The epitome of wintry mix, just the sort of day when it becomes difficult to remember that we are swinging sunward once more. What is this? we say after dinner, looking up, hands out. Look back, look toward the light: that's shimmer, fine glister, down-dusting: that's snow, even if it's only coming down to dampen the pavement. It's not that we're forgetting. It's that we're out of practice. Maybe snow will make it less grey outside, wishes a student. Brighten the place up a bit. Myself, I think we may be due for some severity.
Today's class revealed to me why I've been having such difficulty with focus: at speeds slower than 1/60 of a second, anyone alive is liable to suffer some degree of camera shake. Oh. So simple? So simple. Get a tripod. Props are allowed. In fact, props are going to be required. Can a window be a mask? Oh, yes, if I have anything to say about it. First up, dream images, and I wonder how creeped out can we get each other with these projects.

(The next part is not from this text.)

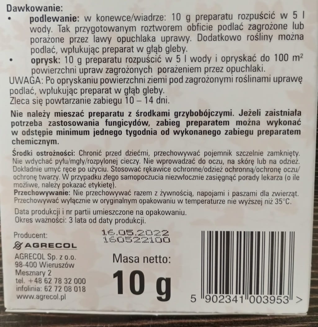 2. Oprysk: 10 g preparatu rozpuścić w 5 l wody i opryskać do 100 m2 powierzchni upraw zagrożonych porażeniem przez opuchlaki. UWAGA: po opryskaniu powierzchni ziemi pod zagrożonymi roślinami uprawę podlać, wpłukując preparat w głąb gleby.

Walking from home to the officehouse, I notice branding where I've not seen it, naming this pole with its color but also marking it not-tree. And though I am so blasted short that I can't get it head-on, and though what light there was today is fading, I try this exposure mess again, and it's not as bad as it has been. Strange how much of my frustration has stemmed, yet again, from expectations that all would be smooth, simple, that I could make a seamless transition, graduate painlessly to the next happy thing. Strange how long it takes me to recognize this pattern, familiar though it is.
Days like today, knowledge tends toward the sere, the searing, the hard to get, the impossible to handle. I'm taking what I can get, where I can get it.